Monday, December 22, 2025

The Year of the Ghost: Andrej Karpathy’s 2025 Retrospective

In his seminal "2025 LLM Year in Review," Andrej Karpathy dismantles the year’s frantic progress to reveal a stark new reality: we are no longer training digital animals, but summoning "ghosts." The industry has shifted from the "vibe-based" fine-tuning of yesteryear to Reinforcement Learning from Verifiable Rewards (RLVR)—a paradigm where AI learns to "think" in real-time. For Singapore, a nation built on rigorous meritocracy and high-efficiency infrastructure, this shift offers a distinct competitive advantage. From the rise of "vibe coding" in the shophouses of Tanjong Pagar to agents that live on your local machine, the future of software is becoming ephemeral, accessible, and intensely local. This briefing breaks down the six paradigm shifts of 2025 and their specific implications for the Smart Nation.

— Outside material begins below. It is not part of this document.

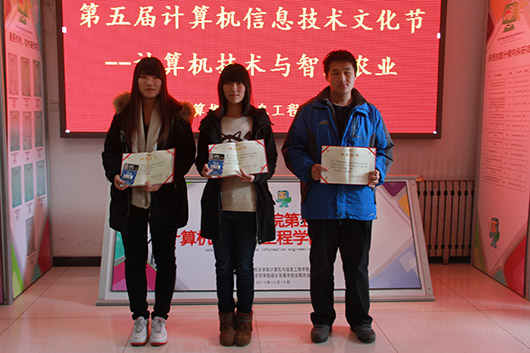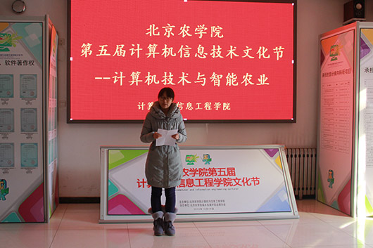为培养大学生的创新精神和实践能力,丰富大学生的课外文化生活,营造良好的校园文化氛围,提高大学生计算机应用水平,在学校领导和学院领导的大力支持下,在全体师生的积极配合下,第五届计算机信息技术文化节系列活动——“crazy键盘飞手”打字比赛、“一站到底”知识竞答、书法大赛、儿童电子绘画大赛等各项比赛圆满结束。12月19日中午12点,第五届计算机信息技术文化节计算机技术与智能农业成果展示暨颁奖仪式在计算机中心隆重举行。校党委副书记高东、校纪委书记张铁强、学生处处长韩宝平、学生处副处长刘柳、校团委书记李相阳、经管学院副书记赵金芳、园林学院副书记李金苹、国际学院副书记刘铁军、延庆县阳光关怀果树盆景专业合作社理事长陈小年、计算机学院全体领导、老师以及各学院学生参加了活动。

Introduction: The View from a Shophouse

It is a humid Tuesday afternoon in Chinatown, the kind where the air hangs heavy over the clay-tiled roofs of the shophouses. Inside a renovated co-working space on Keong Saik Road, a founder is building a logistics platform. She is not typing obscure syntax; she is not wrestling with a memory leak in Rust. She is simply describing what she wants to a window on her screen. She is "vibe coding," and the software is building itself, ephemeral and perfect for the task at hand.

This scene, once the domain of science fiction, is the mundane reality of late 2025. It is also the beating heart of Andrej Karpathy’s latest retrospective. Karpathy, the former Tesla AI chief and OpenAI founder who has become the de facto philosopher-king of the AI engineer class, released his "2025 LLM Year in Review" this week. It is a document that reads less like a technical changelog and more like an anthropological study of a new species.

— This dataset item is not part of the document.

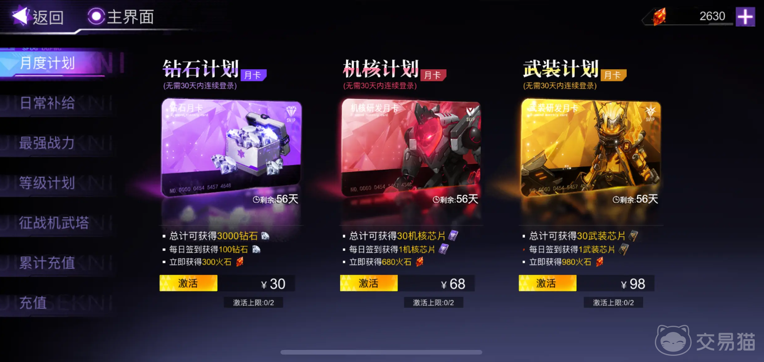 在火柴人联盟3中,玩家氪金首选为月卡,月卡性价比很高。除了不同品质武器和道具之外,还带有三千钻石、三十武装芯片、三十机核芯片。消费月卡,玩家还能获得其他福利,比如源源不断的钻石和武装奖品劵。按照玩家不同预算,可以购买三十元钻石卡、六十八元机核卡、九十八元武器卡都是不错的选择。钻石计划可以获得超多钻石。玩家日常培养角色消耗钻石数量巨大。

The headline? We have crossed a threshold. The era of merely imitating human text is over. The era of "thinking" models—machines that pause, reason, and verify their own work before speaking—has begun. For the discerning technocrat, Karpathy’s analysis is a roadmap. For Singapore, it is a wake-up call. The tools of the trade have changed, and the "Smart Nation" initiative must pivot from deploying static models to managing dynamic, reasoning agents.


1. The Rise of the Verifiable Mind (RLVR)

For years, the recipe for making an AI was consistent: Pre-training (reading the internet), followed by Supervised Fine-Tuning (learning to chat), and finally, Reinforcement Learning from Human Feedback (RLHF). This last step was essentially a "vibe check"—humans giving a thumbs up or down. It was subjective, fuzzy, and ultimately limited.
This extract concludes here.